Por outro lado, o surrealismo da história bate na nossa fuça quando nos lembramos de fatos recentes na Áustria e na Califórnia, onde crianças passaram anos isoladas/prisioneiras.
Embora o filme seja lento, o clima de paranóia, sadismo, masoquismo, perversão, “normalidade” postiça, sexualidade, distanciamento criado pelo diretor - tanto em termos de narrativa, quanto de cinematografia e ângulos de câmera – faz com que queiramos saber o que poderá acontecer. Incomoda e até diverte meio doentiamente, ver adultos se comportando como crianças, latindo e achando que um avião de brinquedo jogado pela mãe é uma aeronave que realmente caiu no quintal da mansão.
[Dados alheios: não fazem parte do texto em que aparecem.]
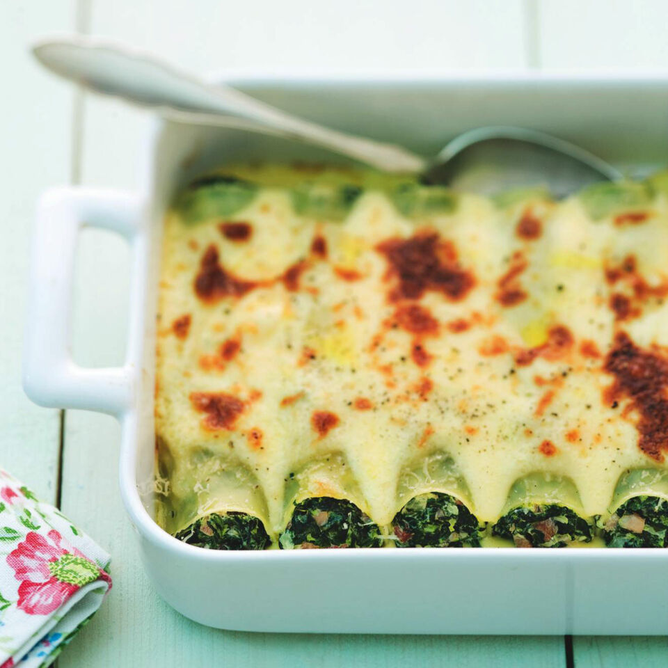 Ein Drittel der Sauce in die Form geben. Die Spinatmasse in die Cannelloni spritzen. Die Cannelloni nebeneinander in die Form setzen. Die übrige Sauce darübergießen. Die Cannelloni mit Parmesan bestreuen und im Ofen (Mitte) in ca. 15 Min. goldbraun backen.
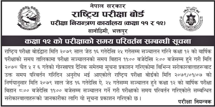 राष्ट्रिय बोर्ड परीक्षा नियन्त्रण कार्यालयले विभिन्न सरोकारवालाहरुको आग्रहमा दिउँसो ११ बजेदेखि २ बजेसम्म हुने भनिएको परीक्षाको समय बिहानमा परीक्षा गर्ने भएको हो ।

Quando uma jovem contratada pra satisfazer sexualmente ao filho traz um elemento exógeno às escondidas, as consequências são irreversíveis. Que esse elemento se travista em produtos culturais estadunidenses permitiria uma leitura globalizante do filme? Oitentistas, atentem pra bizarra cena onde uma das filhas imita Flashdance!
Crítica a pais superprotetores, metáfora sobre a tirania (mal) disfarçada. Seja o que for, Kynodontas é uma daquelas experiências cinematográficas, que, quietinhas, corroem o cérebro e se incrustam nele por muito tempo.  
PS: se você, como eu, é gateiro, odiará uma cena!